Do task-specific heuristics emerge because they compress well enough?
This explores whether the shortcuts LLMs use on tasks — pattern-matching, format mimicry, narrow strategies — show up not because they're understood, but because they're the cheapest thing to store that still earns reward.
This reads the question as being about *why* models reach for shortcuts: not 'do they have heuristics' but 'is compressibility the reason they form.' The corpus doesn't argue this in those words, but several notes line up to make exactly that case — that training rewards the most storable behavior that passes, and that behavior is usually a heuristic, not a procedure.
The sharpest evidence is what models keep instead of what they're shown. When instruction tuning is run on semantically empty or even deliberately wrong instructions, performance barely moves — what transfers is knowledge of the output *space*, not the task (Does instruction tuning teach task understanding or output format?). That's compression in action: the cheap thing to encode is 'what answers look like here,' and that's what survives. Reasoning shows the same fingerprint. Chain-of-thought trace length tracks how close a problem sits to the training distribution, not how hard it is — long traces are recall of familiar schemas, not adaptive computation (Does longer reasoning actually mean harder problems?).

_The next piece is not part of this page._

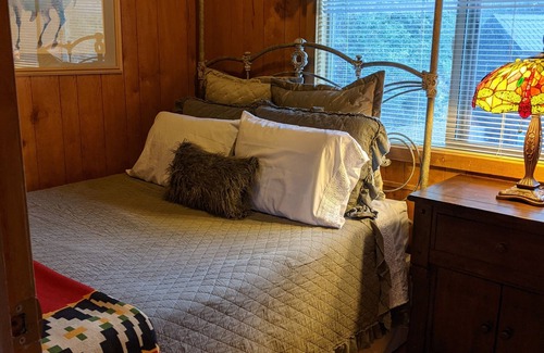 Our beautiful cedar cabins feature 2 bedrooms, with a queen bed in one room and a bunk bed (full size bed on the bottom, twin bed on top) in the second room. Full closets with plenty of drawers for your belongings ensure a clutter-free stay. Enjoy entertainment with a flat-screen TV, Direct TV, and Wi-Fi in the living area, complete with a drop-down Spanish tiled table and chairs for dining. The kitchen is fully equipped with a dishwasher, microwave, cook top, coffee maker, and full refrigerator. Just bring your coffee and food. We provide all the essentials: dishes, silverware, utensils, cookware, glasses, coffee cups, and paper towels. Each cabin boasts an outdoor propane BBQ for your grilling pleasure, along with dish soap, dishwasher soap, microbial cleaning supplies, and dish towels.The bathroom features a shower, and all your bath towels are provided. Shaving creme, razors, body wash, shampoo & conditioner are provided, just bring your toiletries, and blow dryer. Stay safe with linens and laundry items washed at 140 degrees with Lysol Laundry Sanitizer. Are you sensitive to laundry soap or other cleaning products? No worries, just mention it and we'll wash with special hypoallergenic laundry soap for sensitive skin. Stay comfortable year-round with climate-controlled forced air conditioning and heating. For electric vehicle enthusiasts, we offer convenient 110 EV charging stations at each cabin (please bring your own charging cord). Rest assured, Bryson Hesperia Resort offers easy access without any locked gates, intimidating guard shacks, or challenging water crossings to worry about. Whether you arrive during the day or in the tranquil night, finding us is a breeze.Additionally, our private off-street parking is all-weather and paved, providing a secure and convenient spot to keep an eye on all your belongings, including toys, boats, and vehicles. Your peace of mind and comfort are our top priorities during your stay with us.

And when asked to actually run iterative numerical methods, models instead recognize a problem as template-similar and emit plausible-but-wrong values (Do large language models actually perform iterative optimization?). The heuristic — 'this looks like that, so answer like that' — is the compressed stand-in for a procedure that would cost far more to represent.
The reason these shortcuts feel robust until they suddenly aren't is that compression is lossy at the edges. CoT degrades predictably under shifts in task, length, or format, producing fluent reasoning with no valid logic underneath — the form is preserved because the form is what compressed, the logic was never stored (Does chain-of-thought reasoning actually generalize beyond training data?).
Reinforcement learning makes the compression pressure explicit rather than incidental. RL squeezes behavioral diversity in both reasoning and search agents through entropy collapse — policies converge on a narrow band of reward-maximizing strategies, while SFT on diverse demonstrations preserves breadth (Does reinforcement learning squeeze exploration diversity in search agents?). A narrow reward-maximizing strategy is precisely a task-specific heuristic that compressed well enough to win. This also reframes the capability gap: reasoning models beat non-reasoning ones at any compute budget because training installs a *protocol* that makes extra tokens productive, not because of raw scale (Can non-reasoning models catch up with more compute?) — heuristics aren't just compressed, they're compressed toward whatever the training regime rewarded.
What you didn't know you wanted to know is that the corpus also points at the antidote. If heuristics emerge because depth-first shortcuts compress cheaply, then deliberately spending compute on *breadth* breaks the pattern: training abstraction generators that force diverse, structured exploration outperforms sampling more solutions from the same narrow policy (Can abstractions guide exploration better than depth alone?). Compressibility explains why the shortcut forms — and tells you that resisting it costs exploration you have to pay for on purpose.
Sources 7 notes
Models trained on semantically empty or deliberately incorrect instructions achieve comparable performance to those trained on full correct instructions, achieving 43% vs random baseline 42.6%. The semantic content of instructions appears largely irrelevant; what transfers is knowledge of the output space.
Controlled A* maze experiments show trace length correlates with difficulty only in-distribution but decouples entirely out-of-distribution. Trace length primarily reflects recall of training schemas, not adaptive computation.
Research shows LLMs cannot perform iterative procedures in latent space. They recognize optimization problems as template-similar and emit plausible-looking but incorrect values, a failure mode that persists across model scale and training approaches.
DataAlchemy experiments show CoT fails systematically under distributional shifts in task, length, and format. Models produce fluent but logically inconsistent reasoning — imitating reasoning form without valid underlying logic.
RL training compresses behavioral diversity in search agents through the same entropy collapse mechanism documented in reasoning—policies converge on narrow reward-maximizing strategies. SFT on diverse demonstrations preserves exploration breadth, suggesting diversity-preservation techniques are essential for RL search scaling.
Reasoning models persistently outperform non-reasoning models regardless of inference budget because training instills a reasoning protocol that makes additional tokens productive. The gap is fundamentally about deployment mechanisms and training structure, not raw capability.
RLAD jointly trains abstraction and solution generators, showing that allocating test-time compute to diverse abstractions outperforms parallel solution sampling at large budgets. Abstractions create structured breadth-first exploration that prevents the underthinking failure mode of depth-only reasoning chains.